Ox Baker

Personal information
- Born: Douglas Baker April 19, 1934 Sedalia, Missouri, U.S.
- Died: October 20, 2014 (aged 80) Hartford, Connecticut, U.S.
- Cause of death: Myocardial infarction

Professional wrestling career
- Ring name(s): Doug Baker Ox Baker The Ox The Arkansas Ox
- Billed height: 6 ft 3 in (191 cm)
- Billed weight: 308 lb (140 kg)
- Billed from: Waterloo, Iowa
- Trained by: Buddy Austin Pat O'Connor Bob Geigel
- Debut: June 20, 1958
- Retired: June 21, 2008

= Ox Baker =

American wrestler & actor (1934–2014)

Douglas Baker (April 19, 1934 – October 20, 2014), known professionally as Ox Baker, was an American professional wrestler and actor. He was famous for his distinctive eyebrows and finishing move, the Heart Punch, sometimes called the "Hurt Punch", after Baker's famous catchphrase "I love to hurt people!". He appeared in several films including Blood Circus and Escape from New York.

==Early life==
Baker was an accomplished high school athlete in his adopted hometown of Waterloo, Iowa, but he quit school. Later, he began wrestling to provide financial support to his family, having married and had children at a young age.

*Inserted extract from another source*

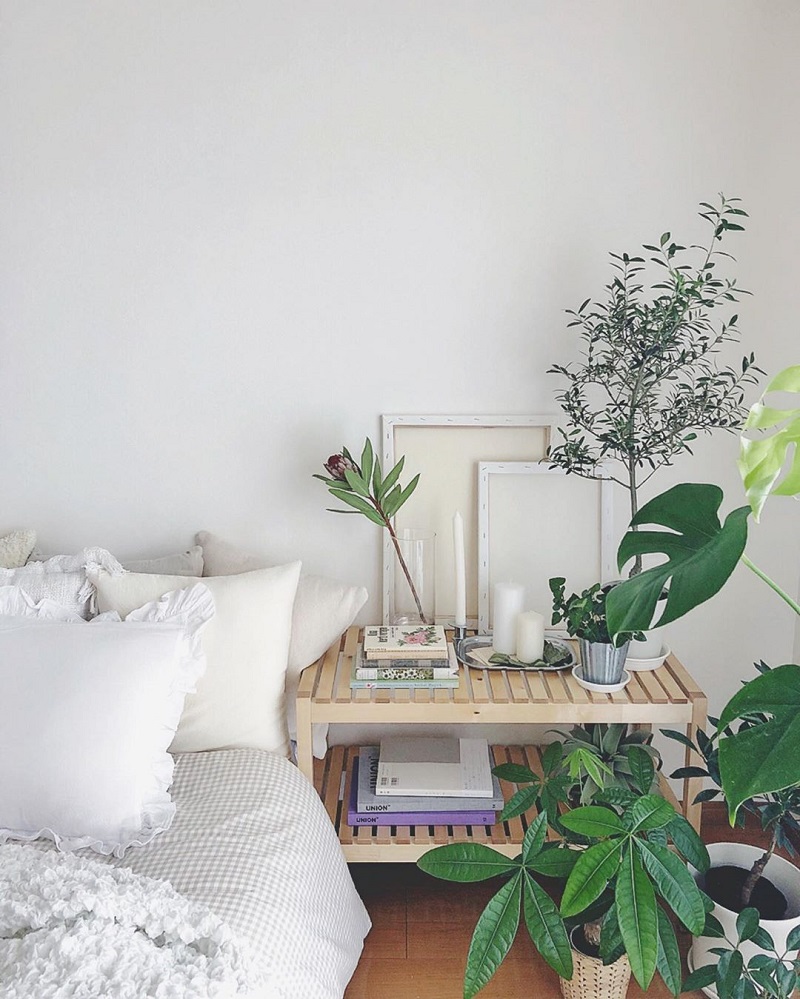盆栽的觀葉植物能快速地給房間帶入綠色,但是用單獨一盆裝飾的話會給人單調(diào)的印象。 這種時候,把高的和低的擺在一起,加上蠟燭和畫框等,一下子就成為高級的搭配。
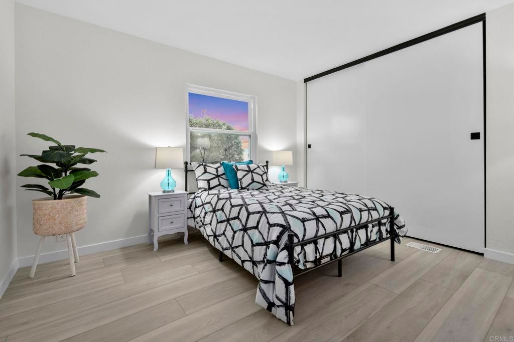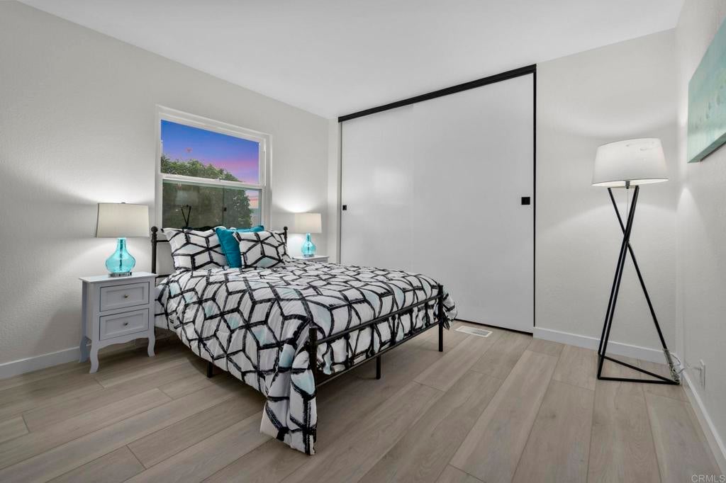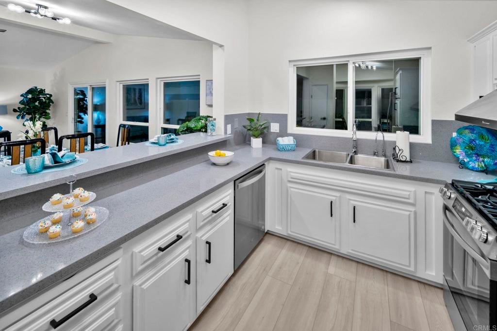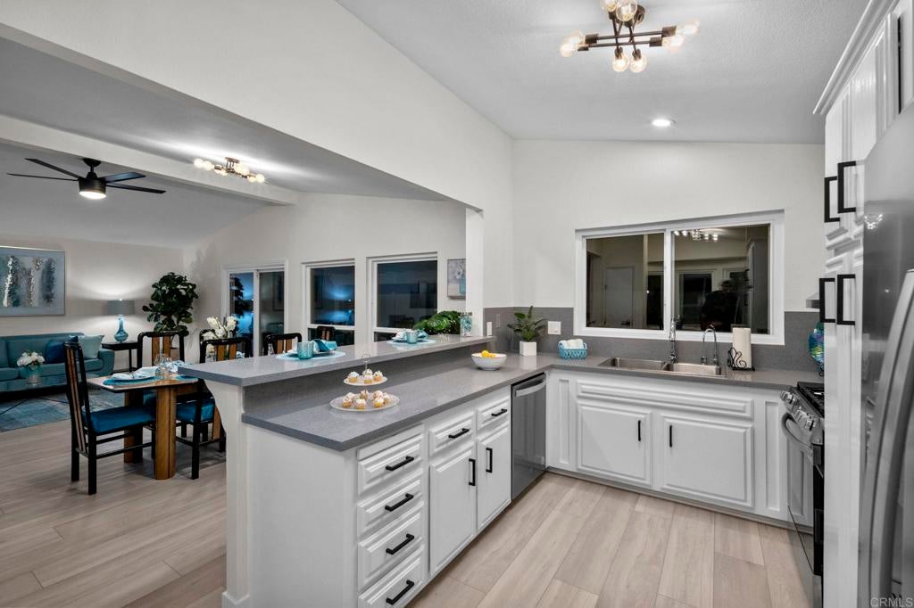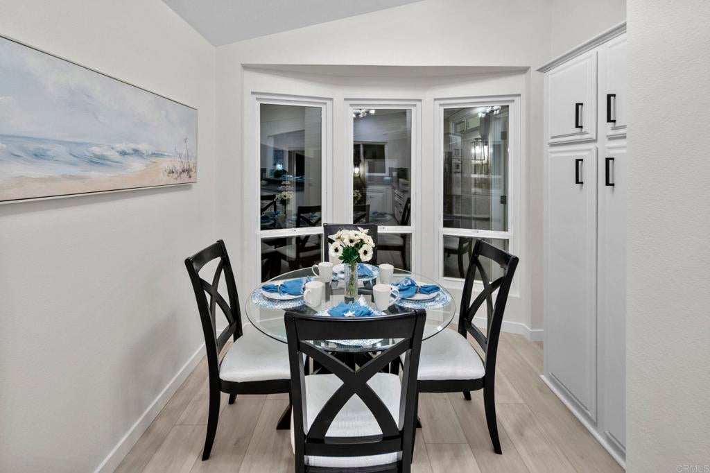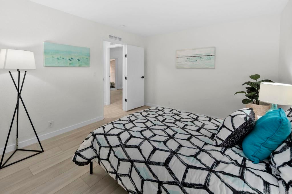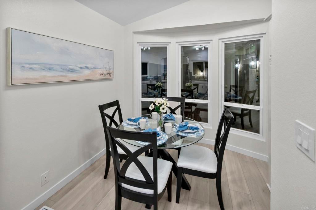 Beautifully Revitalized, Light & Bright 2-Bed/2-Bath Home in 55+ Gated Community — YOU OWN THE LAND! Welcome to this fresh and modern 1,400 sq. ft. home nestled in a desirable 55+ gated community, just 8 miles from the beautiful Carlsbad beaches. Enjoy cool coastal breezes, a low HOA of only $199/month, and the rare benefit of owning the land. Step inside to discover an airy open-concept floor-plan with vaulted ceilings, designed for seamless indoor/outdoor living on an oversized lot. The spacious living and dining areas offer the perfect setting for both everyday comfort and entertaining. The revitalized kitchen features granite countertops, freshly painted cabinetry, and all-new stainless steel appliances, including a double-door refrigerator, 5-burner gas stove, and dishwasher. Start your mornings in the charming breakfast nook with a bay window or at the convenient kitchen bar. The beautiful primary suite offers a walk-in closet with mirrored doors and a private patio entrance. The adjacent updated primary bath includes a soaking tub, separate shower, and abundant storage. The second bedroom is bright, inviting, and perfect for guests or hobbies. Additional Upgrades & Features: • Freshly painted inside and out • All-new wide plank LVP flooring • New modern lighting throughout • Custom front door with contemporary handle set • Dual-pane windows with locks • Updated exterior lighting • Two large covered patios offering privacy, quiet enjoyment, and ideal spaces for relaxing or entertaining • Peace of mind with nighttime security • Active community lifestyle with dinners, parties & games Residents also enjoy resort-style amenities, including a sparkling pool, relaxing spa, and a remodeled clubhouse perfect for gatherings and events. Conveniently located near shopping, restaurants, and major freeways—with Kaiser Hospital just 10 minutes away and Palomar Hospital only 16 minutes. Easy access to Hwy 78 completes the package—this home truly has it all!

==Professional wrestling career==
===Early career===
Baker was trained by Buddy Austin, Pat O'Connor, and Bob Geigel. He then had his debut in 1964. As time went on, he was winning a majority of his matches by knockout caused by the Heart Punch; he later renamed the move the Hurt Punch when Stan Stasiak, from whom Baker adopted the move, objected. Initially debuting as a kind, horn-rimmed-glasses-wearing country simpleton, Baker later turned into a villain.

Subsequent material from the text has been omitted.